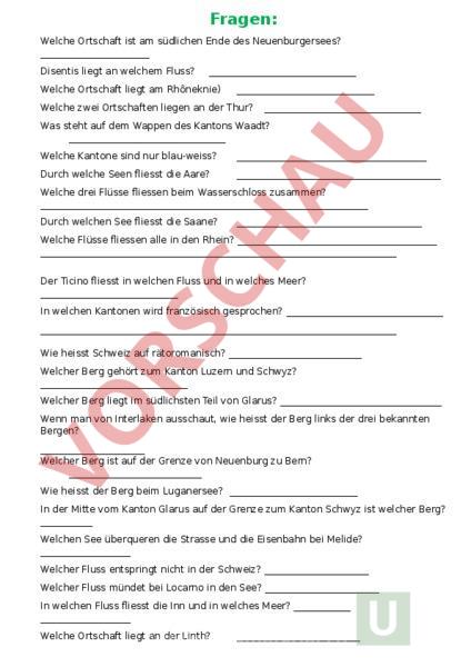Fragen: Welche Ortschaft ist am südlichen Ende des Neuenburgersees? Disentis liegt an welchem Fluss? Welche Ortschaft liegt am Rhôneknie) Welche zwei Ortschaften liegen an der Thur? Was steht auf dem Wappen des Kantons Waadt? Welche Kantone sind nur blau-weiss? Durch welche Seen fliesst die Aare? Welche drei Flüsse fliessen beim Wasserschloss zusammen? Durch welchen See fliesst die Saane? Welche Flüsse fliessen alle in den Rhein? Der Ticino fliesst in welchen Fluss und in welches Meer? In welchen Kantonen wird französisch gesprochen? Wie heisst Schweiz auf rätoromanisch? Welcher Berg gehört zum Kanton Luzern und Schwyz? Welcher Berg liegt im südlichsten Teil von Glarus? Wenn man von Interlaken ausschaut, wie heisst der Berg links der drei bekannten Bergen? Welcher Berg ist auf der Grenze von Neuenburg zu Bern? Wie heisst der Berg beim Luganersee? In der Mitte vom Kanton Glarus auf der Grenze zum Kanton Schwyz ist welcher Berg? Welchen See überqueren die Strasse und die Eisenbahn bei Melide? Welcher Fluss entspringt nicht in der Schweiz? Welcher Fluss mündet bei Locarno in den See? In welchen Fluss fliesst die Inn und in welches Meer? Welche Ortschaft liegt an der Linth? Wie heisst der wohl bekannteste Berg in der Schweiz? In welchem Kanton entspringt die Reuss? Welcher Fluss fliesst in den Ticino? Zähle alle Kantone auf, durch die der Rhein fliesst.
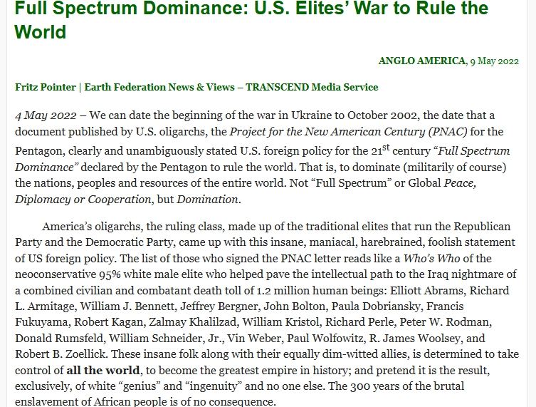 THE FULL HISTORY OF THE UKARAINE CONFLICT FROM THE ROLE PLAYED BY PNAC & THATCHER TO THE CURRENT DAY.
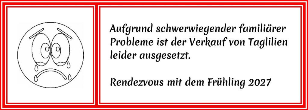 Die Taglilien sind jederzeit bis Ende September buchbar (dafür besuchen Sie bitte die Seite „Kontakt“). Der Versand erfolgt dann in dem für Sie günstigsten Zeitraum von Anfang September bis Mitte Oktober. Um die Taglilien zu reservieren, ist die Angabe folgender Daten erforderlich:

** TASK STATEMENT **
Restate all of the data word for word and include no pictures.

** ANSWER SECTION **
Fragen: Welche Ortschaft ist am südlichen Ende des Neuenburgersees? Disentis liegt an welchem Fluss? Welche Ortschaft liegt am Rhôneknie) Welche zwei Ortschaften liegen an der Thur? Was steht auf dem Wappen des Kantons Waadt? Welche Kantone sind nur blau-weiss? Durch welche Seen fliesst die Aare? Welche drei Flüsse fliessen beim Wasserschloss zusammen? Durch welchen See fliesst die Saane? Welche Flüsse fliessen alle in den Rhein? Der Ticino fliesst in welchen Fluss und in welches Meer? In welchen Kantonen wird französisch gesprochen? Wie heisst Schweiz auf rätoromanisch? Welcher Berg gehört zum Kanton Luzern und Schwyz? Welcher Berg liegt im südlichsten Teil von Glarus? Wenn man von Interlaken ausschaut, wie heisst der Berg links der drei bekannten Bergen? Welcher Berg ist auf der Grenze von Neuenburg zu Bern? Wie heisst der Berg beim Luganersee? In der Mitte vom Kanton Glarus auf der Grenze zum Kanton Schwyz ist welcher Berg? Welchen See überqueren die Strasse und die Eisenbahn bei Melide? Welcher Fluss entspringt nicht in der Schweiz? Welcher Fluss mündet bei Locarno in den See? In welchen Fluss fliesst die Inn und in welches Meer? Welche Ortschaft liegt an der Linth? Wie heisst der wohl bekannteste Berg in der Schweiz? In welchem Kanton entspringt die Reuss? Welcher Fluss fliesst in den Ticino? Zähle alle Kantone auf, durch die der Rhein fliesst.
 THE FULL HISTORY OF THE UKARAINE CONFLICT FROM THE ROLE PLAYED BY PNAC & THATCHER TO THE CURRENT DAY.
 Die Taglilien sind jederzeit bis Ende September buchbar (dafür besuchen Sie bitte die Seite „Kontakt“). Der Versand erfolgt dann in dem für Sie günstigsten Zeitraum von Anfang September bis Mitte Oktober. Um die Taglilien zu reservieren, ist die Angabe folgender Daten erforderlich:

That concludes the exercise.